Symplocos iliaspaiensis
- Conservation status: Data Deficient (IUCN 3.1)

Scientific classification
- Kingdom: Plantae
- Clade: Embryophytes
- Clade: Tracheophytes
- Clade: Spermatophytes
- Clade: Angiosperms
- Clade: Eudicots
- Clade: Asterids
- Order: Ericales
- Family: Symplocaceae
- Genus: Symplocos
- Species: S. iliaspaiensis
- Binomial name: Symplocos iliaspaiensis Noot.

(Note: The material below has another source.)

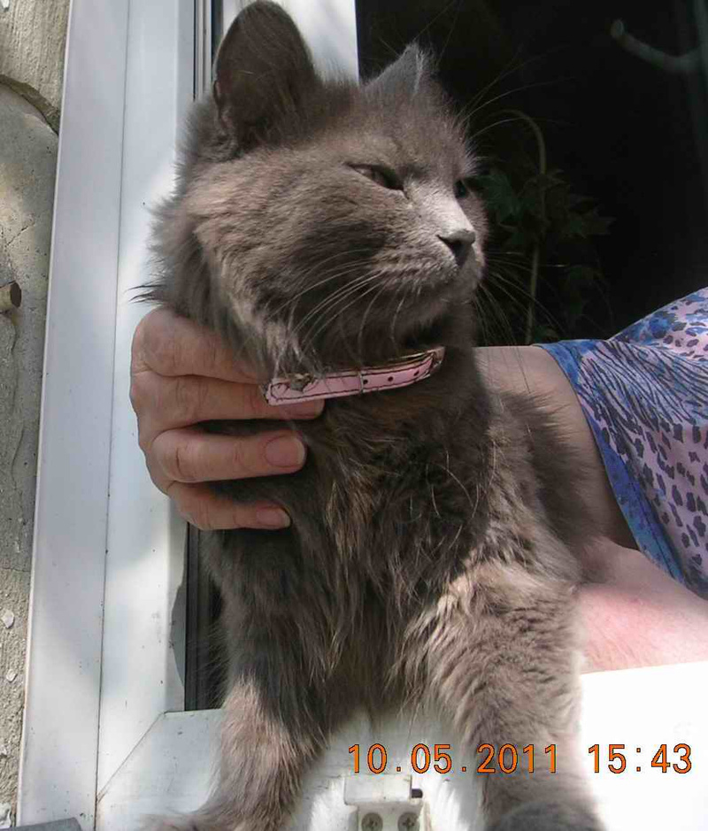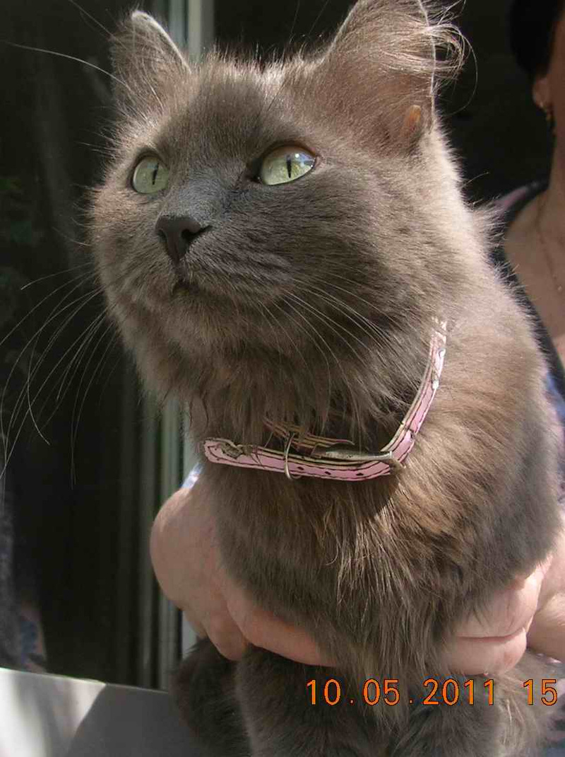 на Волочаевском ж/м найдена серая дымчатая пушистая кошечка в двух ошейниках - черном против блох и в розовом (кожаном?) со стразами. Худенькая, напуганная, голодная, очень громко плачет. Мы ей дом вроде нашли, но, может, хозяева её ищут?

= Symplocos iliaspaiensis =

- Genus: Symplocos
- Species: iliaspaiensis
- Authority: Noot.
- Conservation status: DD

Species of flowering plant

Symplocos iliaspaiensis is a plant in the family Symplocaceae, native to Borneo. It is named for Ilias Paie, a plant collector at the Sarawak Herbarium.

==Description==
Symplocos iliaspaiensis grows as a shrub or tree up to 13 m tall, with a trunk diameter of up to 20 cm. The pale bark is smooth. The leaves are obovate, ovate or elliptic and measure up to 30.5 cm long. The inflorescences bear yellow flowers.

==Varieties==
Two varieties of Symplocos iliaspaiensis are recognised:
- Symplocos iliaspaiensis var. iliaspaiensis – Sarawak
- Symplocos iliaspaiensis var. pedunculata K.G.Pearce – Sabah, Brunei

==Distribution and habitat==
Symplocos iliaspaiensis is endemic to Borneo. Its habitat is mixed dipterocarp forests, at elevations of 180–250 m.